[Data items]
▼

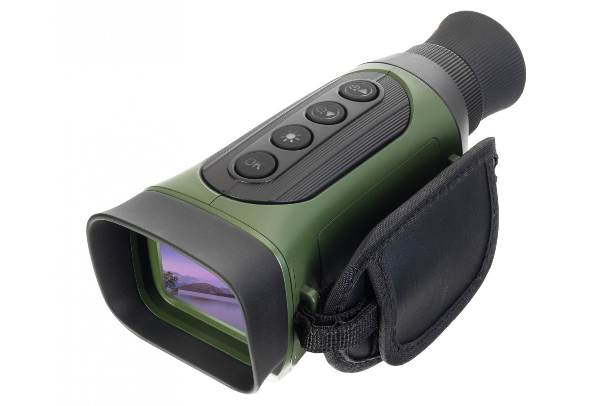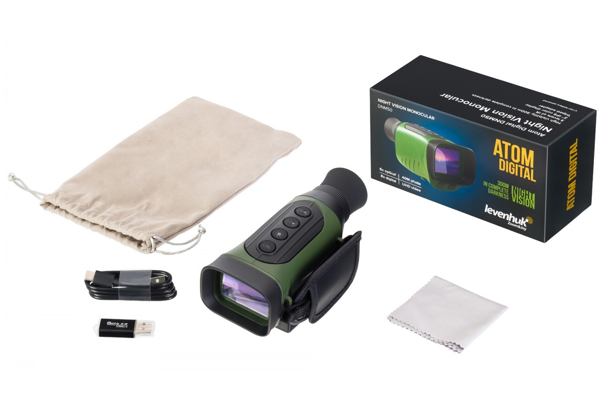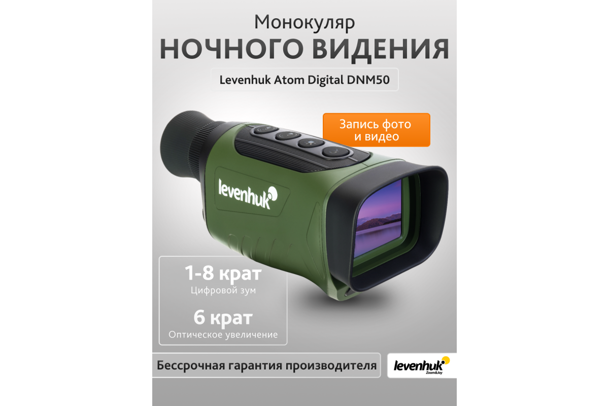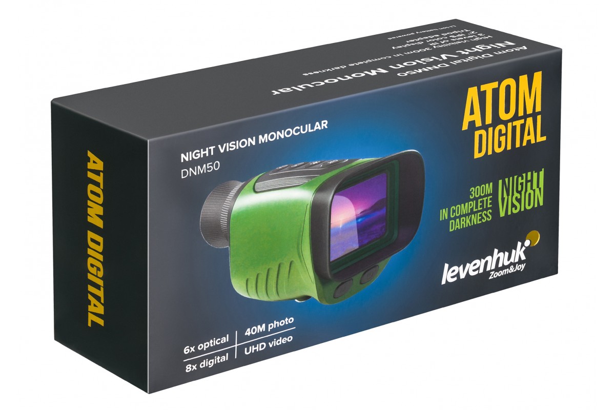 Компактный и легкий монокуляр ночного видения Levenhuk Atom Digital DNM50 хорошо проявит себя на ночной охоте, во время длительного похода и в любой работе, связанной с наблюдениями на местности. Его можно использовать днем и ночью, для наблюдений в полной темноте предусмотрена инфракрасная светодиодная подсветка с 3 уровнями яркости. Приблизить картинку помогают 6-кратное оптическое увеличение и цифровой зум 1–8 крат. Вне зависимости от освещения гибкие настройки прибора позволяют быстро подобрать оптимальные условия и получить информативное изображение на встроенном дисплее. В дневное время изображение цветное, ночью – черно-белое.
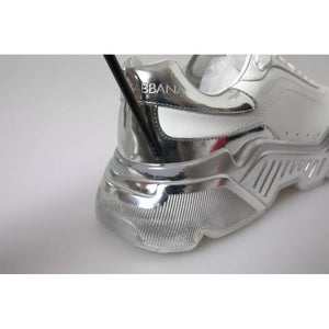 Dolce & Gabbana White Silver Daymaster Leather Sneakers Shoes
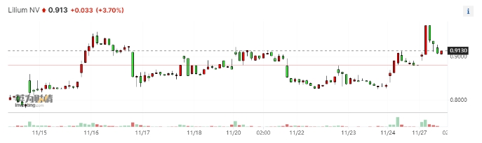 消息公布后,在納斯達克上市的Lilium股價(jià)一度跳漲超10%,最高報每股0.970美元?,F漲幅收窄至3.70%,報每股0.913美元。
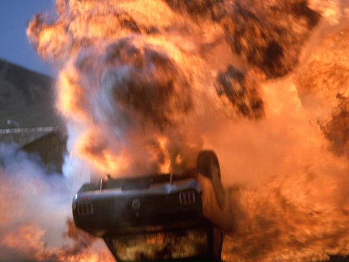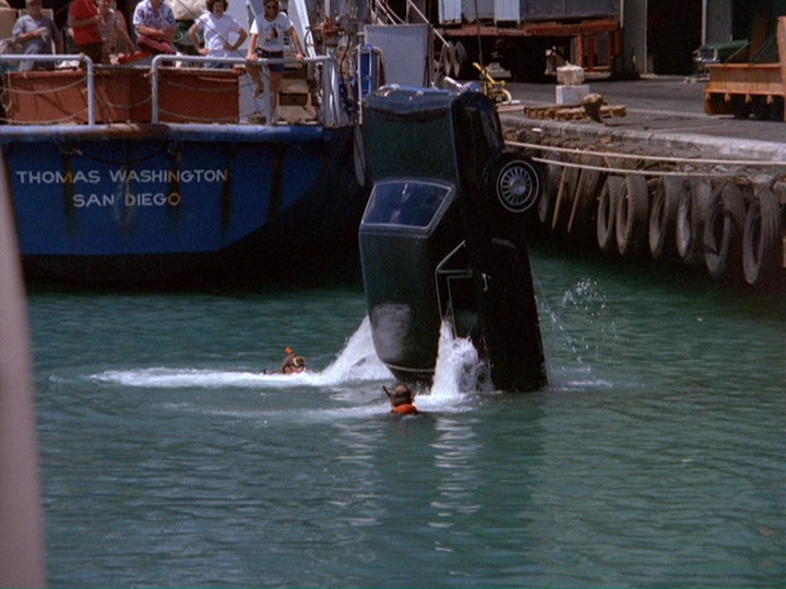 Collectors of classic cars may be upset at seeing Stoner's Mustang being hauled out of the harbor. However, as Carl Walter points out: "The Mustang pulled from the water is a completely different car from the one used in the chase. Stoner drives a 1968 model, and the harbor car is from 1964 or 1965 — similar, but a different design, and likely a cheaper used car to dump in the water from a TV production standpoint."
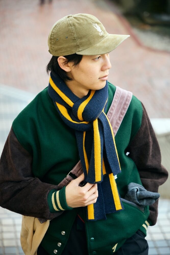 昨年大好評を博したコラボレーション第1弾、ヘビーデューティなトラッドスタイルと相性の良い「バーズアイニットマフラー」。その流れを汲み、今回の第2弾では、ヴィンテージのスクールマフラーに着想を得た「トラディショナル スクールマフラー」を製作しました。アメトラの王道配色であるネイビー×イエローを、素直に落とし込んだ1本です。
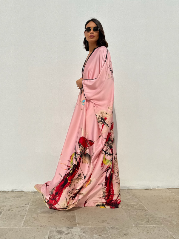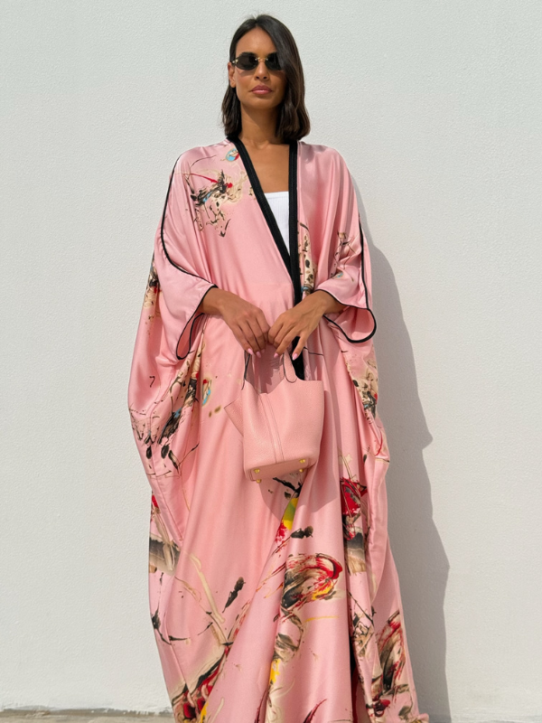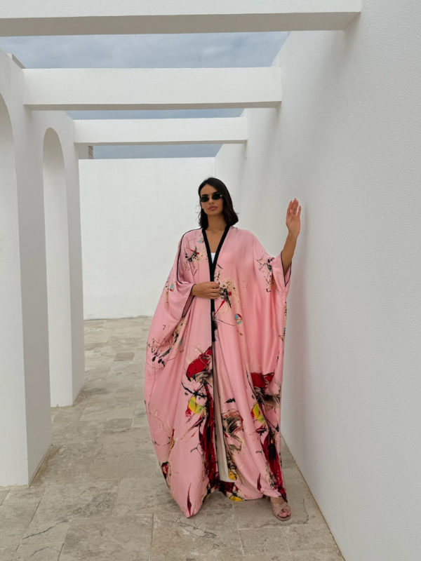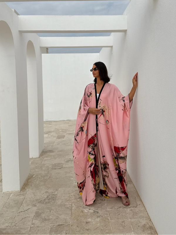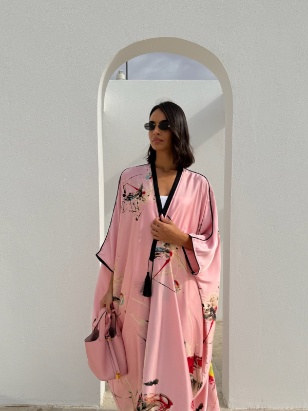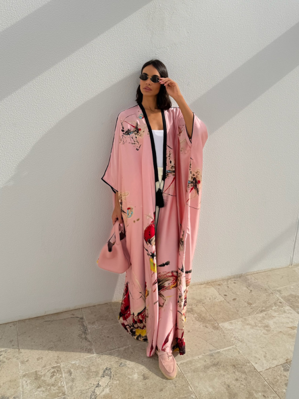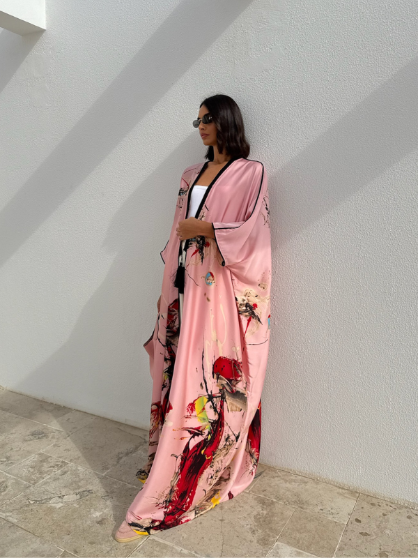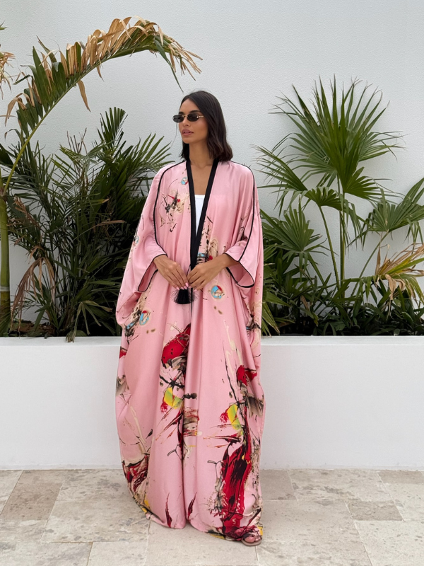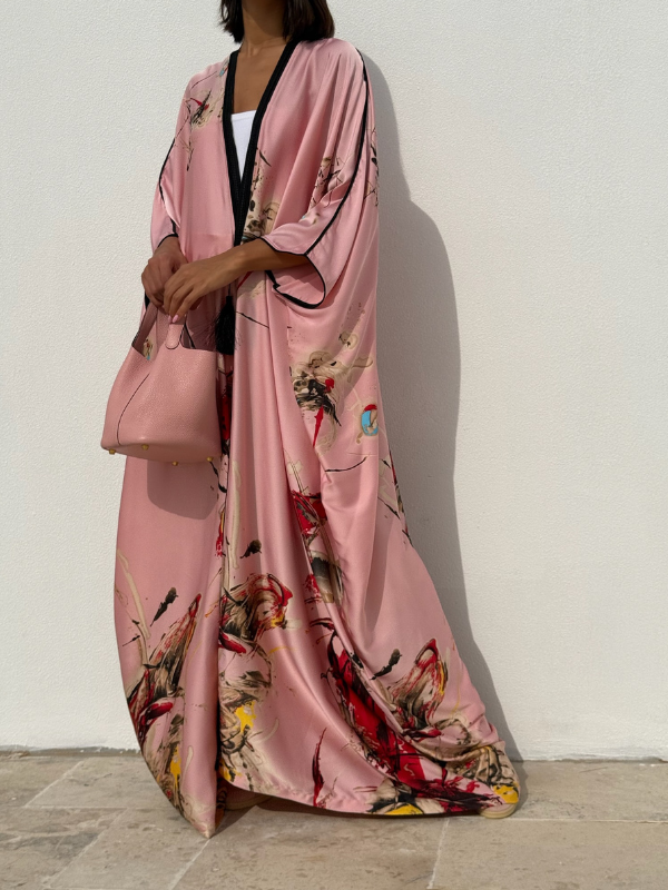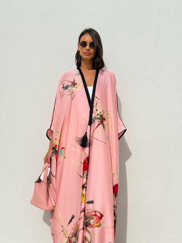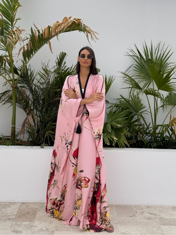 The Flair Silk Tunic will elevate your modest-wear collection with this beautiful printed silk. Crafted from a silk fabric, cut for an exceptional fluid movement and tasseled with handmade trims on the lapel all the way down along the front.
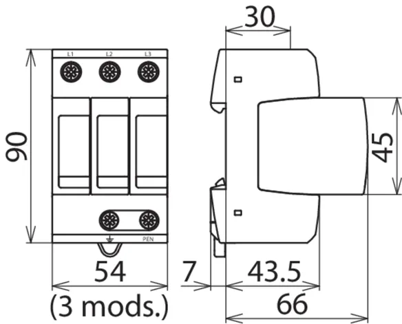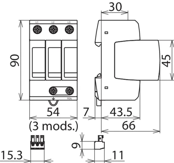 400/690 V TN-C systems, Width: 3 modules
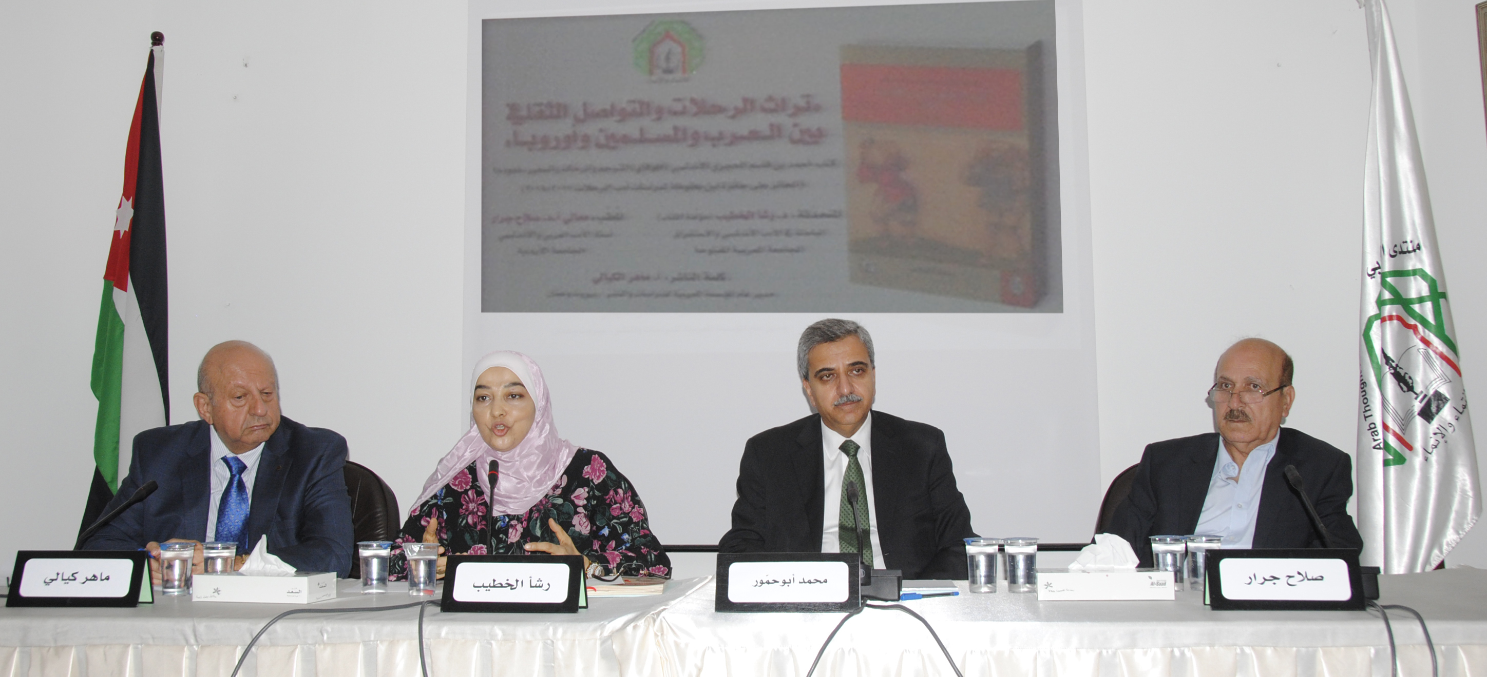 وشارك في اللقاء الذي أداره الأمين العام لمنتدى الفكر العربي ووزير المالية الأسبق د. محمد أبوحمّور، كل من مؤلفة الكتاب د. رشأ الخطيب، وأستاذ الأدب العربي والأندلسي في الجامعة الأردنية ووزير الثقافة الأسبق أ.د. صلاح جرار بتعقيب حول الكتاب وموضوع اللقاء، كما ألقى الناشر مدير المؤسسة العربية للدراسات والنشرالأستاذ ماهر الكيالي كلمة بالمناسبة حول مشروع "ارتياد الآفاق"، وجرى عرض إصدارات هذا المشروع من كتب الرحلات العربية والدراسات حول الرحالة ورحلاتهم ولا سيما إلى أوروبا وغيرها من قارات العالم.
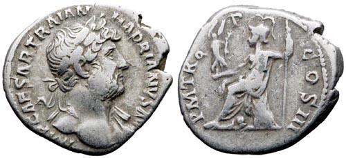Dritto: IMPCAESARTRAIANVSHADRIANVSAVGPMTRPCOSIII - Testa con corona
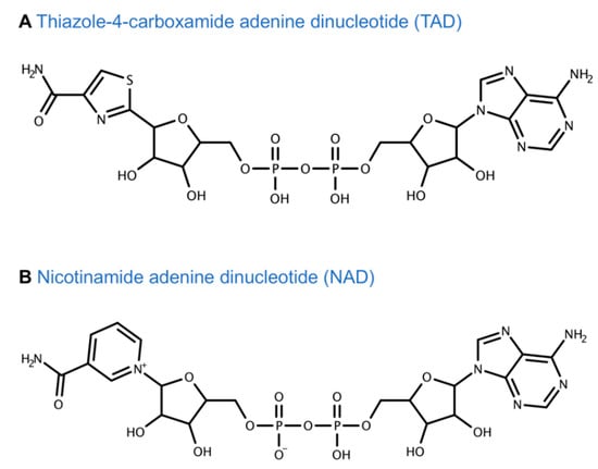 Tiazofurin is a prodrug and thus requires metabolic conversion intracellularly to its active metabolite thiazole-4-carboxamide adenine dinucleotide (TAD) in two sequential steps, as shown in Figure 5. TAD is an analogue of nicotinamide adenine dinucleotide (NAD) where nicotinamide is replaced by thiazole-4-carboxamide (Figure 6). TAD mimics NAD and interacts with the NAD cofactor binding domain of IMPDH 1 and 2 by acting as a non-competitive inhibitor [98,99,100,101]. Given that TAD is very similar to NAD (Figure 6), it is highly likely that the other NAD-dependent enzymes are affected by TAD. TAD is metabolically unstable and is degraded by nicotinamide mononucleotide adenylyltransferase (NMNATase), a phosphodiesterase. Resistance to tiazofurin is primarily associated with a decrease in NMNAT activity [92,101,102,103].
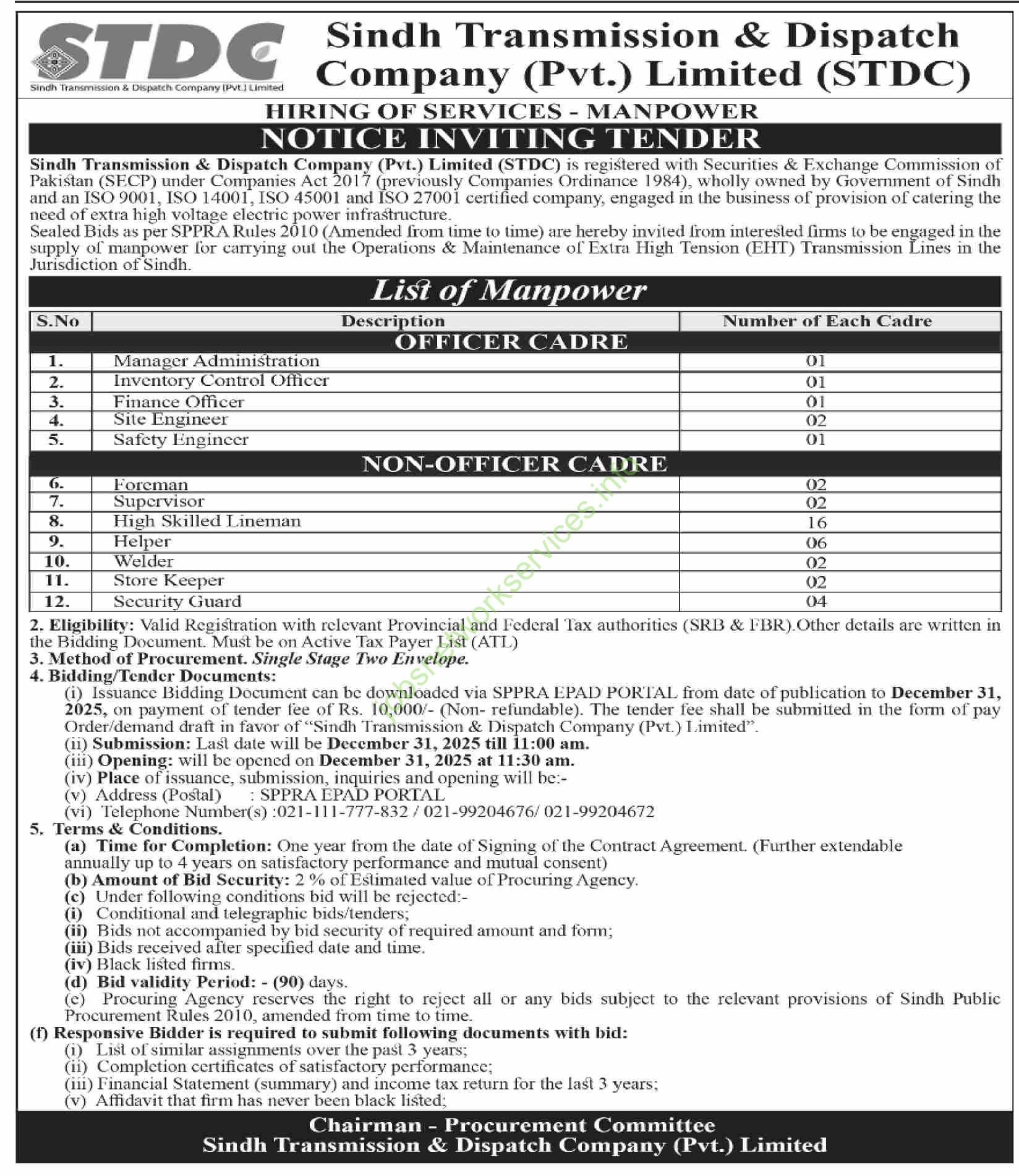 Sindh Transmission & Dispatch Company (STDC) Tender Notice for hiring manpower services:
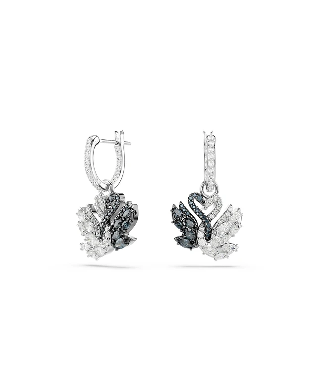 Swarovski Swan Black, Rhodium Plated Drop Earrings
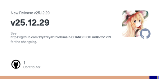 arrow-up113arrow-down1external-linkyazi v25.12.29 released (a terminal filemanager written in Rust)plus-squaregithub.comthingsiplay@beehaw.orgEnglish · 24 days agomessage-square0linkfedilink
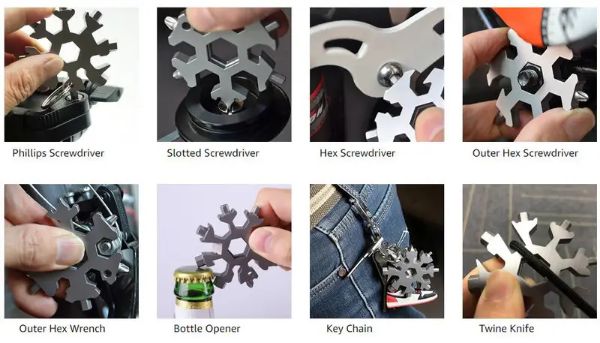 MULTIFLAKE-værktøjet kan bruges til at åbne ølflasker, skrue skruer, reparere snowboards, cykler, legetøj og meget mere.

▲

* [Your instructions]: Pictures are not part of the copy. Output only the lines from the one with "Sindh Transmission &" through the final line of the records, exactly as given.

* [Answer to this problem]:
 Sindh Transmission & Dispatch Company (STDC) Tender Notice for hiring manpower services:
 Swarovski Swan Black, Rhodium Plated Drop Earrings
 arrow-up113arrow-down1external-linkyazi v25.12.29 released (a terminal filemanager written in Rust)plus-squaregithub.comthingsiplay@beehaw.orgEnglish · 24 days agomessage-square0linkfedilink
 MULTIFLAKE-værktøjet kan bruges til at åbne ølflasker, skrue skruer, reparere snowboards, cykler, legetøj og meget mere.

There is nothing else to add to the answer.